= Lynn Fausett =

American painter

Lynn Fausett February 27, 1894 – August 27, 1977) was an American painter. He attended and later became president of the Art Students League in New York City. He painted murals in the Nebraska State Capitol and St. Bartholomew's Church. Fausett is also the muralist of The First Meeting of the Primary Association depicting the establishment of the Primary Association in the Farmington Rock Chapel for the Church of Jesus Christ of Latter-day Saints (LDS Church).

==Early life==
Lynn Fausett was born on February 27, 1894, in Price, Utah Territory, to George A. Fausett and Helen Josephine Bryner. He was the oldest of their eight children. He attended public schools in Carbon County, Utah. Fausett began painting at a young age. He painted set designs for theater shows and entered his art in county fairs and art shows. Fausett lived in Price until he finished 10th grade. He then began studying at Brigham Young High School in 1910. Two years later he graduated with a diploma in art and manual training. He went back to school for another year and graduated from Carbon County High School in 1913 having studied geology and mathematics. While in school, he was involved in football and the school newspaper. He also played the clarinet. Fausett's brother, Dean, was also a painter.
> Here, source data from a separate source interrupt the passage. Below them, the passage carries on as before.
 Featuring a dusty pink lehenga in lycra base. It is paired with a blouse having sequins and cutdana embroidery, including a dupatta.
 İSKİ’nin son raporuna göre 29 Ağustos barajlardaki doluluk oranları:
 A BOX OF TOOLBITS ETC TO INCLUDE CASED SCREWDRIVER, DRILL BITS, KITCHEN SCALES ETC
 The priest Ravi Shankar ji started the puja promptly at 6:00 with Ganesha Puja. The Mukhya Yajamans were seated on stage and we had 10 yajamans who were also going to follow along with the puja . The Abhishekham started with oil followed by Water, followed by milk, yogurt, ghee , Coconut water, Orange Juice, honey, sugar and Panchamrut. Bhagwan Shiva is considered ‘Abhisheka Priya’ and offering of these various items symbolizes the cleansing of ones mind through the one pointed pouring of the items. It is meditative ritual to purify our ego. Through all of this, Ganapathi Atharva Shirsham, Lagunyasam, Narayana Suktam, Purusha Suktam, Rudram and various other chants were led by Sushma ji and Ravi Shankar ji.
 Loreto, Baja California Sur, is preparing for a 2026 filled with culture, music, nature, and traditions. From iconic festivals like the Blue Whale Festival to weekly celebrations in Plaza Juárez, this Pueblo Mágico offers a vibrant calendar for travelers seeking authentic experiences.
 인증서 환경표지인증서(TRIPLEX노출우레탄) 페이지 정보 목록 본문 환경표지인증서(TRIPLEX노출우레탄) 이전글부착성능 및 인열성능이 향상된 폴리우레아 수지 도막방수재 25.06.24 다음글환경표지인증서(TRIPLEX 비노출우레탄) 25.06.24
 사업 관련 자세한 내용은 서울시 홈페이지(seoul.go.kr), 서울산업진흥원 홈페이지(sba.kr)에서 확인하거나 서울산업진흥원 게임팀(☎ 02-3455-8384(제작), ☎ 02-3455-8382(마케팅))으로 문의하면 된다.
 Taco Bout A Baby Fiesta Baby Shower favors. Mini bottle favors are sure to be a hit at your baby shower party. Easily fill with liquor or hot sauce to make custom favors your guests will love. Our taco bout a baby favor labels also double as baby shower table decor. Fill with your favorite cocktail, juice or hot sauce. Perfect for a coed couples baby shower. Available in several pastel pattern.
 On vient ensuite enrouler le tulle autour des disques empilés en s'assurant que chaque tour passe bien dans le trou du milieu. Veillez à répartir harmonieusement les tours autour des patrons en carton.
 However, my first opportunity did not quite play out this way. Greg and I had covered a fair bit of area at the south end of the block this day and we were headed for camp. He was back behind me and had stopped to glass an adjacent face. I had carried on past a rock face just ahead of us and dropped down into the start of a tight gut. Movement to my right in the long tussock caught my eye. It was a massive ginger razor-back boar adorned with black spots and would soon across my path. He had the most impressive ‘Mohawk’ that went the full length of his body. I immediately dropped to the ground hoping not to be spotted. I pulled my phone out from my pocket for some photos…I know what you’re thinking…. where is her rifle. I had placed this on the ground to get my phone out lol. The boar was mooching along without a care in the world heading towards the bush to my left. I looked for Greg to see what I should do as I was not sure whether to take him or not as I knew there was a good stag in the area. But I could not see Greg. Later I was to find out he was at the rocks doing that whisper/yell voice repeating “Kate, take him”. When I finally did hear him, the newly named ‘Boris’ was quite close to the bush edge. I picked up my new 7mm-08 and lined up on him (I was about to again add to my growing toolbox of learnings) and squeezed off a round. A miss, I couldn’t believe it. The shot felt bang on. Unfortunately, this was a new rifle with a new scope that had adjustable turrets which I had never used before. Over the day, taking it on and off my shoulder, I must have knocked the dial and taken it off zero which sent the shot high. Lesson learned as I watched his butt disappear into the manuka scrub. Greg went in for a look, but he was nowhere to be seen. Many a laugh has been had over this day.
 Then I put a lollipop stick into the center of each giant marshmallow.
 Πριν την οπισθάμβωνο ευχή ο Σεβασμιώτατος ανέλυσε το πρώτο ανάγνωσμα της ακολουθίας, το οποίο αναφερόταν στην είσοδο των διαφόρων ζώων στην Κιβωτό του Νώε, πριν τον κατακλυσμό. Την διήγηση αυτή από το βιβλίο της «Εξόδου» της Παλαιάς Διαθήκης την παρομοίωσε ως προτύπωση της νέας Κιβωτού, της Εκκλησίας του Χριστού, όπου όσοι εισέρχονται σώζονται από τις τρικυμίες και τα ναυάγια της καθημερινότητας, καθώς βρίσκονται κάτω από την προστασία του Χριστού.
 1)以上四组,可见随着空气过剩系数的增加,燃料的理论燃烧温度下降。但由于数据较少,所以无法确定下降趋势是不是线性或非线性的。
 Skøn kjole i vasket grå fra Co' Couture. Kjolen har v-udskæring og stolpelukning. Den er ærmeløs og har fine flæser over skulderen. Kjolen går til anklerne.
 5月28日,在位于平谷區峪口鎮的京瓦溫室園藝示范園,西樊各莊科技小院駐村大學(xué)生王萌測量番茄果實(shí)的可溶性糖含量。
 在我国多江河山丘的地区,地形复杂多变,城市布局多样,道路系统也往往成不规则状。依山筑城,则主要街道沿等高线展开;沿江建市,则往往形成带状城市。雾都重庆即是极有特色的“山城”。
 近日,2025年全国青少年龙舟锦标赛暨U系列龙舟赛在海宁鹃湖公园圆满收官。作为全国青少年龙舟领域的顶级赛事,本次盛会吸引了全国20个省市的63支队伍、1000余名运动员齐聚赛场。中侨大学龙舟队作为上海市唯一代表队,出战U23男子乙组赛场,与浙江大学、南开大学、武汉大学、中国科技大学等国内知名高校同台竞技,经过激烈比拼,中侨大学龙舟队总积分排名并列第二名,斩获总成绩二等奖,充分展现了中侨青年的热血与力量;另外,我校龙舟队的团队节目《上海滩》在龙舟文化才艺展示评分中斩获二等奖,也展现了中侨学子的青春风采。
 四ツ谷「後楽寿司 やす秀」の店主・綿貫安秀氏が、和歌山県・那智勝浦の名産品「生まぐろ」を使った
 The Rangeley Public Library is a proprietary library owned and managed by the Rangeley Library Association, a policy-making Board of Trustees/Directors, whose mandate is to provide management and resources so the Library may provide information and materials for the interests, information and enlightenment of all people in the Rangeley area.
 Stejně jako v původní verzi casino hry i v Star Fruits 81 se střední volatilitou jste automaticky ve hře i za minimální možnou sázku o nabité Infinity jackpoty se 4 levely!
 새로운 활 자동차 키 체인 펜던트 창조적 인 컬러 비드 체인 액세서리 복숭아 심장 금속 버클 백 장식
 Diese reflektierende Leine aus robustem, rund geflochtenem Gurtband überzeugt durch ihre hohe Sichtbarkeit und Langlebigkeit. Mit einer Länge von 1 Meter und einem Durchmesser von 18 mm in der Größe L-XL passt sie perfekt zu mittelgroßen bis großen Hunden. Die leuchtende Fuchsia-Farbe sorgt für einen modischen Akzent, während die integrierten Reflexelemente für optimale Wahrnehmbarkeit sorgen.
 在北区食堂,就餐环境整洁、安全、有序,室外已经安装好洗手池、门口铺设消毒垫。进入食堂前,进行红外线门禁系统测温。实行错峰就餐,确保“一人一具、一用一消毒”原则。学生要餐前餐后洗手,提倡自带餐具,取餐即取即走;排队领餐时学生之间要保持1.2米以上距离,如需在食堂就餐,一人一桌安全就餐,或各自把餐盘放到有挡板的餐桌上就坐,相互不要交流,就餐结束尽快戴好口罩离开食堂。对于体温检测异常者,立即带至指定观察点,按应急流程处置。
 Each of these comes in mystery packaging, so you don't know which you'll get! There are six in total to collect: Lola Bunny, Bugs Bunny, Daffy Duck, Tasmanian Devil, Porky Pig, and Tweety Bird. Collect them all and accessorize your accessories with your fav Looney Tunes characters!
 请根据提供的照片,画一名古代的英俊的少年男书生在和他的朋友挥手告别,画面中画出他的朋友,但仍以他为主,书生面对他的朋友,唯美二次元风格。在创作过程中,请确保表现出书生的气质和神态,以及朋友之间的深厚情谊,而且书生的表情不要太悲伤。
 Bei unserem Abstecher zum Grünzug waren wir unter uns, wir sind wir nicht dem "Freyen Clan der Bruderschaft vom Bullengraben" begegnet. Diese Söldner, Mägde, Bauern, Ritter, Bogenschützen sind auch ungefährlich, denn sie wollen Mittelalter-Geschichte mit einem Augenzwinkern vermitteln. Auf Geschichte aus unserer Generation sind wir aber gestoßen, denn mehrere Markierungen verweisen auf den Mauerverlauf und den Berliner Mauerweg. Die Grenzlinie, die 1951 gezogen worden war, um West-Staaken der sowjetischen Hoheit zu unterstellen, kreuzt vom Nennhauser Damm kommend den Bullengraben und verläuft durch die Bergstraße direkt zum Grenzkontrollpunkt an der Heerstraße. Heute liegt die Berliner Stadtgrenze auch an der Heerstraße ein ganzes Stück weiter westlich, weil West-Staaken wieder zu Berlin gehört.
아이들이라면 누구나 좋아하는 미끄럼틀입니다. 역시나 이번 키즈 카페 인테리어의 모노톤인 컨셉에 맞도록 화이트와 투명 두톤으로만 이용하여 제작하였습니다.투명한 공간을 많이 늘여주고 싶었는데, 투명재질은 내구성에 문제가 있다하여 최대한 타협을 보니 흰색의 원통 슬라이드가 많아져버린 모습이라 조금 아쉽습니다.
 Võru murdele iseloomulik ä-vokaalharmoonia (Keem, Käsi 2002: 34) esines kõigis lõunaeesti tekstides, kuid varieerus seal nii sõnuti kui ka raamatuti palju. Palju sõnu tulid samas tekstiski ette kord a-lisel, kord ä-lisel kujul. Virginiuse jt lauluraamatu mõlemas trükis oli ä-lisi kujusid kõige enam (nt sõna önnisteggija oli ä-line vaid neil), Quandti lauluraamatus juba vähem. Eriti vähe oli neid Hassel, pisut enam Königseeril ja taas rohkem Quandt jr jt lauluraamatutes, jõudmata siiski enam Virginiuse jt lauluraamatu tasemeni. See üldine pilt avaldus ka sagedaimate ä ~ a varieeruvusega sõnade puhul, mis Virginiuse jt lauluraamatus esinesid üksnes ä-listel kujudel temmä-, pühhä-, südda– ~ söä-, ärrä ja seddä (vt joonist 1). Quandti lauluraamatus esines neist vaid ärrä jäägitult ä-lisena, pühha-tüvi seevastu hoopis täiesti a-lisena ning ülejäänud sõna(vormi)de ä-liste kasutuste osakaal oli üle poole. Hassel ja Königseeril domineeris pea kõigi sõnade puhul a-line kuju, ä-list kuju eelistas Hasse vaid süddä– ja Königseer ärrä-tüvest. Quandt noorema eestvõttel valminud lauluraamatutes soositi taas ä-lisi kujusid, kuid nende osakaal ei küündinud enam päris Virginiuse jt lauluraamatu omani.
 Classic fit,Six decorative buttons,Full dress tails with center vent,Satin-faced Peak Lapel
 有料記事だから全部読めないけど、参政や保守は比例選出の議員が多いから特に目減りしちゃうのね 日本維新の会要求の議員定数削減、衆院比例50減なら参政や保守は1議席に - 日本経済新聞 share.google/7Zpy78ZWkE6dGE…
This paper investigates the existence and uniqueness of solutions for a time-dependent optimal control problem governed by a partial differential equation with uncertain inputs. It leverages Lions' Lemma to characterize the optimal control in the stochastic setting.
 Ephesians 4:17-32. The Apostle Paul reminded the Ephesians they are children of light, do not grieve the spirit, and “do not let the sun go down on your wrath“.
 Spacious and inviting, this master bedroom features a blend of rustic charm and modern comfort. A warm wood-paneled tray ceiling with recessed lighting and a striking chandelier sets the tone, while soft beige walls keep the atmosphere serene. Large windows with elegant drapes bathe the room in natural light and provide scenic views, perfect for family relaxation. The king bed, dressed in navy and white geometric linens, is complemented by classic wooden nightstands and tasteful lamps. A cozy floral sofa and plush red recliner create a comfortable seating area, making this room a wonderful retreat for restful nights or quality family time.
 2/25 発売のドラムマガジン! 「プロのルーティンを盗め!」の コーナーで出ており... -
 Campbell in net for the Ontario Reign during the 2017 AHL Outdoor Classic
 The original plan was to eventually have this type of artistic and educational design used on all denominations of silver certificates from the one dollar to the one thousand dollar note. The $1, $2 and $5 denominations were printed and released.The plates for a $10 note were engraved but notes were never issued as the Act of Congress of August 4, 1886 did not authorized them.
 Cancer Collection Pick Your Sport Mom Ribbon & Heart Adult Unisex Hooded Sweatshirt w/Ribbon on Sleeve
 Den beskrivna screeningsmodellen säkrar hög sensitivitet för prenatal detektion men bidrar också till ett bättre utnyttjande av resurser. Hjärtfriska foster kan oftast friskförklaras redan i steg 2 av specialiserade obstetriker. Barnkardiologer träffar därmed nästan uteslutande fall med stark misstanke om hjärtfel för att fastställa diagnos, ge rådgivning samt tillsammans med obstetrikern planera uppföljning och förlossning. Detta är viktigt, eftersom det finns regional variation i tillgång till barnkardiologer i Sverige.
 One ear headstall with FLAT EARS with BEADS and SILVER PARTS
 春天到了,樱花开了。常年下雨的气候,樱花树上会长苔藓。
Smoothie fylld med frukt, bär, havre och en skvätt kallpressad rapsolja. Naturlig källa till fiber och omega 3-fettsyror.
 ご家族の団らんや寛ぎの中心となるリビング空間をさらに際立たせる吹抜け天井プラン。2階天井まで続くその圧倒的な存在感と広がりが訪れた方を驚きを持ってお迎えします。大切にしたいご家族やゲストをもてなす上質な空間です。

He married Helen Elizabeth Wessells on September 15, 1925. She, too, was an artist. However, the couple later divorced. He married Fiametta Rhead on September 7, 1940.

==Career==
After graduating high school, Fausett taught in Hiawatha, Utah. He attended the University of Utah from 1913 to 1914, studying mining engineering. Fausett enlisted in the United States Navy during World War I from 1916 to 1920. Fausett was the recipient of the Meritorious Service Award during World War II to honor his work as an art director.

In 1922, he went to New York City to study at the Art Students League. He specialized in murals. Fausett remained in New York for 16 years to work his art. To support himself, he worked in a mural studio and the night shift at the New York Bus Company. In 1932, he was named the president of the Art Students League. During his administration, board members could only serve for three years; this limitation is still in practice today. While he was in New York, Fausett also traveled to Germany and Italy to study mosaics, and to France to learn from fresco paintings. In his own painting, he used gouache and tempera mixed with oil paints.

In 1938, Fausett returned to Price. That same year, he was in Who's Who in New York, and he later was included in the Who's Who in America in 1940. After 1942, Fausset painted historical subjects and depicted landscapes of life on the ranch, cattle drives, and Utah canyons. He became well known for his western landscapes. He worked on murals for buildings including the Nebraska State Capitol and St. Bartholomew's Church. He also worked on murals that were sponsored by the Works Progress Administration, and for the City Hall in Price. Eddington painted a mural depicting the establishment of the Primary.

In 1941, Fausett painted a mural, The First Meeting of the Primary Association depicting the establishment of the Primary Association in the Farmington Rock Chapel for the LDS Church. The piece was commissioned by May Green Hinckley. He also produced murals for the This Is the Place Heritage Park.

Fausett died August 27, 1977, in Salt Lake City. He is buried in Price.